A more long-term, strategic aim would be a well defined long term goal that requires multiple steps to achieve. A strategic aim could involve multiple tactical steps. This is also, what we like to call friendship in some polite-speak areas of the world.

I have no immediate goals or projects, just need some basic ideas on how to be a part of the ML community.

Find interests of people and do something for them. Many people simply ask questions on Twitter, or you can infer what they are interested in looking at their Linkedin/work and their personal blogs.

What would be a good starting point for this?

A very easy thing to start with is literature review. Specially, for new topics being researched by influential people in the field. A good literature review shows your interest and willingness to help. Opens door to communication.

A good place to find what topics are missing a decent literature review: Go through NLP reddit r/LanguageTechnology or subreddits for Deep Learning, Machine Learning and so on.

Or go through twitter. And help people out there. Answer their question with depth. Do not rush to be the first, but the best. When it comes to technology, almost all platforms behave a bit like StackOverflow, the right answer might not get accepted: but it'll get noticed. Btw, lot of the Huggingface contributors happen to be active on Github and Twitter both. Hanging around on their Slack can't hurt either.

But important thing, try and stick to one medium. The place where you are most at home and gels with your personality. This could actually even be Youtube if you're an English-fluent, attractive looking person.

The other reason you need to stick to one medium is that audience will spend most of their time on 1 or 2 social media channels.

If they see that your content is not that popular on the other channel - They will do the cross posting for you. For instance, we've both seen Twitter content even within ML such as the Gary Marcus debate and attack on Yann LeCun spill over on reddit. And of course, people are still posting Tweets on TikTok!

Word of mouth will be your biggest friend.

Find problems that many people face. Usually a simple problem faced by many is a great problem statement. The python requests library comes to my mind as an excellent example of such a challenge. The work by gensim around shallow vectorization methods like word2vec and Glove was also quite similar in vein for quite a lot of time. Of course, with the rise of Deep Learning and better tooling makes their work less important - but they stuck in my mind, didn't they?
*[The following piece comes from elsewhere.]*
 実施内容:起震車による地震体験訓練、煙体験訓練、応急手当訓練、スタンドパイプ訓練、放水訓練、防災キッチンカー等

Why is that a great problem statement?

It's maximising the area under the curve. Solve a trivial problem faced by many or a huge problem faced by some. It has the same impact.
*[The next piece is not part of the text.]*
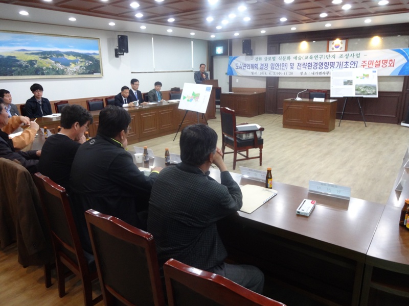 이번 설명회는 내가면 외포리 산81번지 일원에 조성되는 강화 글로벌 식문화 예술단지조성에 따른 도시관리계획 결정(변경) 입안(안) 및 전략환경영향평가(초안)에 대한 주민의견수렴을 위하여 마련됐다.

What's something that has worked for you in finding interesting problems?

Find intersections with domains that have little to do with each other. For us, there are domains that have little to do with tech/code and can see great benefits from our involvement.

Marketing yourself has nothing to do with marketing but everything to do with the problems you solve and the solutions you come up with. Make sure the solution is accessible to the wider audience. It should not be that only a certain section of the population can use it. If you plan to market yourself, spend 95% of the time on a quality problem and a quality solution and 5% of time talking about it. This is usually enough if the first 95% is done well.

What medium to talk about these in?

The usual are the blog posts or social media posts etc. But there is an open secret within the community. Writing papers is probably the best way to talk about stuff you’ve done.

Why so?

Papers have the halo effect. It improves your reputation and makes it sticky. People might forget a blog post quickly but you can get recognition/perks for around 2 years or so after writing a paper. There are other secondary gains too from doing this. Once you write a paper, you start reading papers differently. You have a better intuition of reading between the lines to understand the author’s intent/pov. Another obvious benefit is you get better at writing papers. Your thought process will start coming across much more clearly.